Foundress of Eternal World Television Network, Mother Angelica had a strong devotion to the Child Jesus. Various religious reports claim that in 1995, she travelled in Colombia to expand their evangelizing work of her then-new network in the Spanish language.

In Colombia, Angelica met Padre Juan Pablo Rodríguez, who introduced her and her companion sisters to the Shrine of the Divino Niño. Angelica recalled that upon praying before the image, the statue came alive and spoke to her, commanding her to build a temple where he will bless her benefactors. In a later biography by Raymond Arroyo, Angelica recalls that she has brief conversations with the Child Jesus and has also seen him in the hallway of her convent.

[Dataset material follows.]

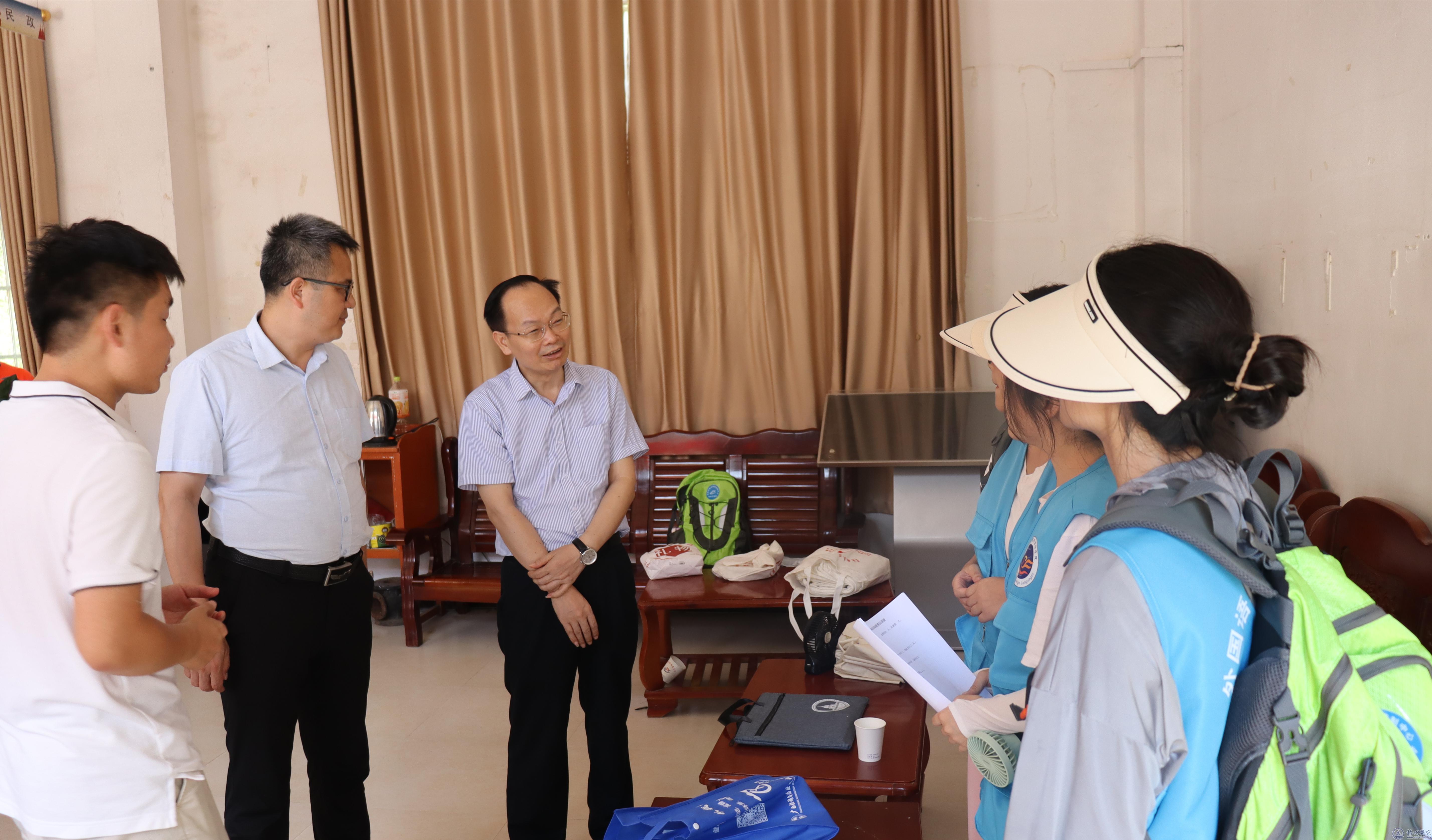 梁业华在蒙山县汉豪乡金垌村了解外国语学院实践团师生开展活动情况
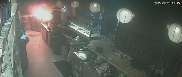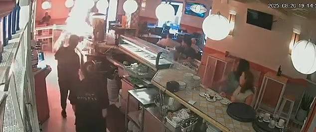 จากภาพกล้องวงจรปิดภายในร้าน แสดงให้เห็นวินาทีที่ไฟลุกพรึ่บขึ้นมาท่ามกลางความตกใจของลูกค้าและพนักงานที่อยู่ในร้าน หลายคนรีบวิ่งหนีเอาชีวิตรอด ขณะที่พนักงานบางคนพยายามคว้าถังดับเพลิงมาฉีดเพื่อสกัดเพลิงที่กำลังลุกลาม

Mother Angelica brought this devotion back with her to Alabama, where she and her companion sisters propagate the devotion. Their variant of the Divino Niño image portrays him holding his burning heart, rather than with the traditional outstretched arms found in Bogotá. Angelica also attributes her many network and television successes to this pious religious devotion.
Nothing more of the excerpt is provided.